> [Supplied information]
----
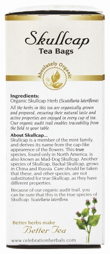 Q: Is your Skullcap tea organically sourced?A: Yes, our Skullcap tea is made from organically grown herbs that follow an organic audit trail, ensuring quality and traceability from the field to your cup.
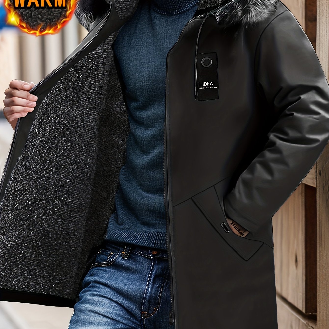 TEMU 겨울 남성용 루즈핏 후드 재킷 | 패셔너블한 기모 안감 두꺼운 미디 길이 코트, 지퍼 포함, 야외 레저 및 캠핑에 적합 | 브랜드: HIDKAT
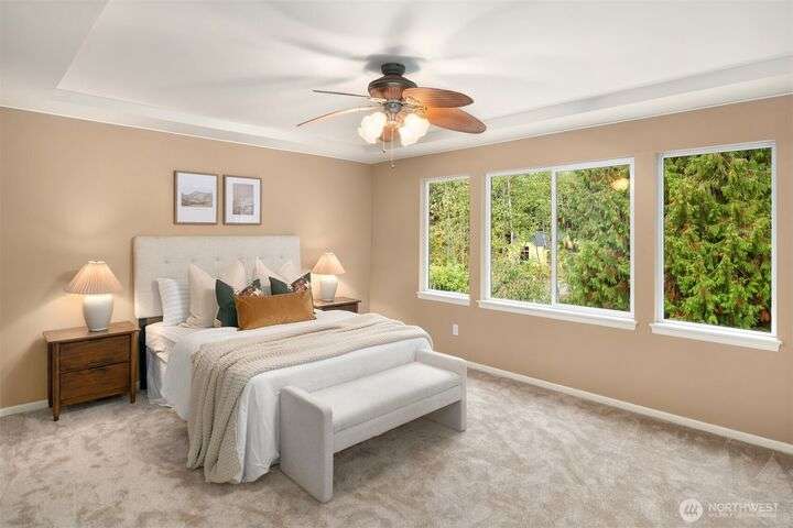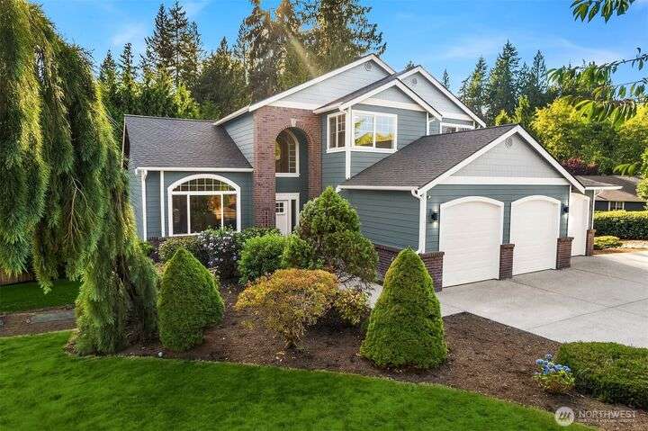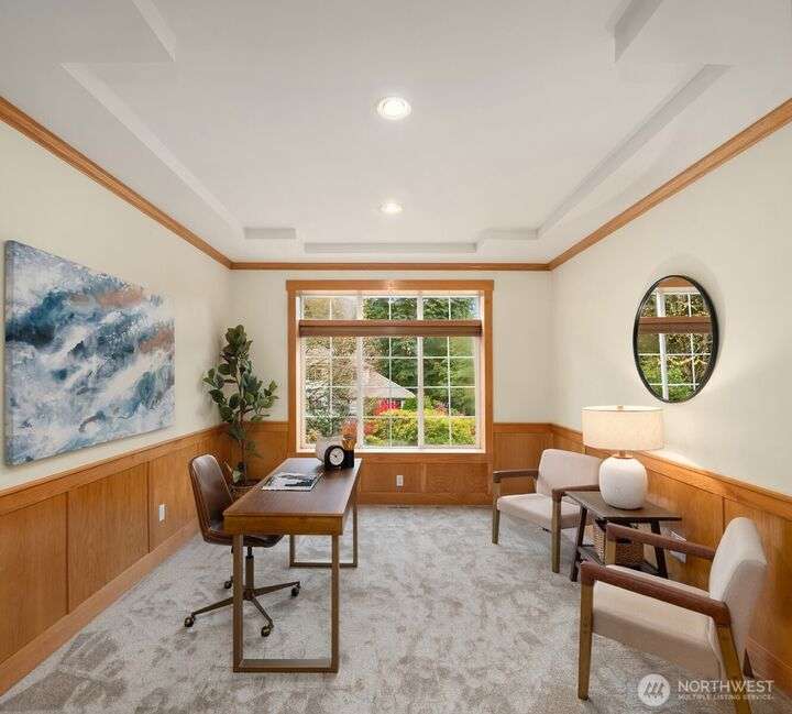 Serving timeless elegance. This classically inspired luxury residence is perfectly sited on an elevated, secluded lot with a tarmac driveway leading to a three-car garage and additional parking. Crafted with exceptional quality and refined finishes, this home offers a sprawling layout designed for every occasion. The executive wood-paneled office provides sophistication and function, with a discreet passage to the main floor bath. Showcase your art along the grand upper corridor, illuminated by soft natural light through a graceful laylight. An oversized upstairs bonus room invites entertainment. Ideal for gaming, theater, or gathering in style. This is a home for the discerning, who appreciate craftsmanship, privacy, and distinction.
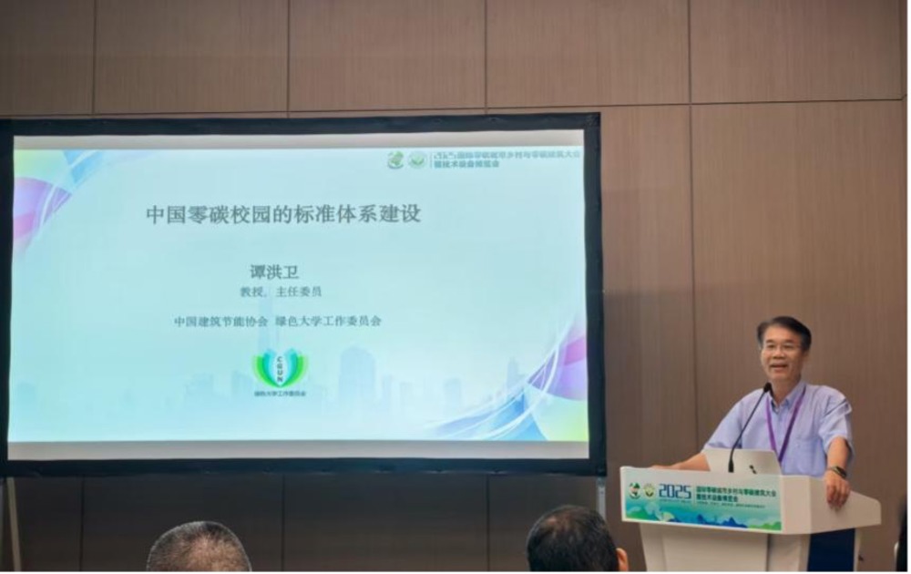 特邀演讲环节中,同济大学教授、中国建筑节能协会绿色大学工委会主任谭洪卫系统回答了何为零碳校园、如何建设零碳校园、如何构建中国高校零碳校园标准体系等关键问题。演讲同步介绍了已发布的《校园碳排放核算指南》及其配套高校校园碳排放核算平台,并详细解读了《零碳校园评价标准》的三级指标框架。
----
> [To do]
Write every line above again exactly, but leave the pictures out.

> [Result for this task]
 Q: Is your Skullcap tea organically sourced?A: Yes, our Skullcap tea is made from organically grown herbs that follow an organic audit trail, ensuring quality and traceability from the field to your cup.
 TEMU 겨울 남성용 루즈핏 후드 재킷 | 패셔너블한 기모 안감 두꺼운 미디 길이 코트, 지퍼 포함, 야외 레저 및 캠핑에 적합 | 브랜드: HIDKAT
 Serving timeless elegance. This classically inspired luxury residence is perfectly sited on an elevated, secluded lot with a tarmac driveway leading to a three-car garage and additional parking. Crafted with exceptional quality and refined finishes, this home offers a sprawling layout designed for every occasion. The executive wood-paneled office provides sophistication and function, with a discreet passage to the main floor bath. Showcase your art along the grand upper corridor, illuminated by soft natural light through a graceful laylight. An oversized upstairs bonus room invites entertainment. Ideal for gaming, theater, or gathering in style. This is a home for the discerning, who appreciate craftsmanship, privacy, and distinction.
 特邀演讲环节中,同济大学教授、中国建筑节能协会绿色大学工委会主任谭洪卫系统回答了何为零碳校园、如何建设零碳校园、如何构建中国高校零碳校园标准体系等关键问题。演讲同步介绍了已发布的《校园碳排放核算指南》及其配套高校校园碳排放核算平台,并详细解读了《零碳校园评价标准》的三级指标框架。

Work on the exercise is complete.